Changing an actual floppy drive with a Gotek or related emulator, which permits disk pictures to be loaded from solid-state storage equivalent to an SD card or USB flash drive, is an effective way to get extra life out of a classic laptop system just like the Xerox 820 — launched in 1981 for $3,795 for its two-8″-drive configuration and closely primarily based on the Ferguson Huge Board equipment laptop. There’s the difficulty of going within the different route, although: utilizing the unique floppy drives to create pictures from actual, bodily disks.

“[It] acquired me pondering: might I make a second adapter board that may let me archive 8″ floppies,” Epler explains. “Then, inspiration struck: I did not even want a second board design. As an alternative of becoming a plug (‘male’) connector on the board’s prime facet, I might merely match a socket (‘feminine’) connector on the board’s backside facet.
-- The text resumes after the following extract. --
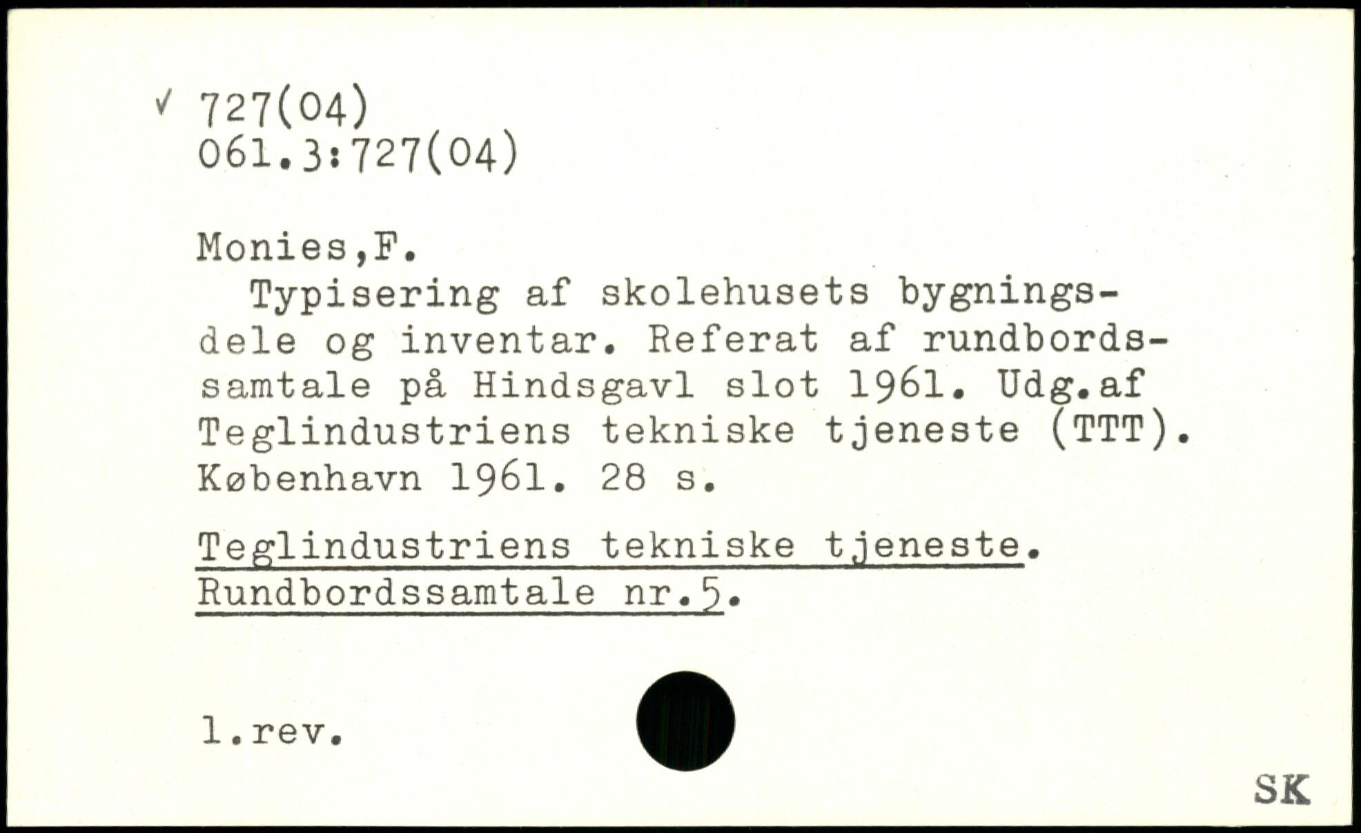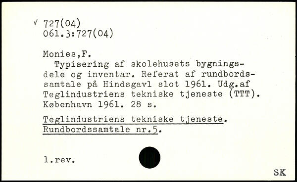 Typisering af skolehusets bygningsdele og inventar. Referat af rundbordssamtale på Hindsgavl slot 1961. Udg.af Teglindustriens tekniske tjeneste (TTT).

Since I would gotten 5 boards in my PCB order, I simply needed to await supply of the connector and solder all the pieces up.”

The ensuing reversed connector permits the bodily Xerox floppy drives to hook up with a contemporary USB floppy controller such because the flux-sampling Greaseweazle or Adafruit’s prototype Floppsy. With appropriate software program — Epler used the official Greaseweazle software program, regardless of choosing the Floppsy on the {hardware} facet — the 8″ disks could be learn into pictures for archival functions, and to make use of in emulated type with the extra dependable and far quieter Goteks now put in within the Xerox 820’s floppy disk housing.

Epler’s write-up, which features a information to each studying from and writing to authentic 8″ disks, is now accessible on the Adafruit Be taught portal; KiCad design information and Gerbers for the adapter board can be found on Epler’s GitHub repository below an unspecified license.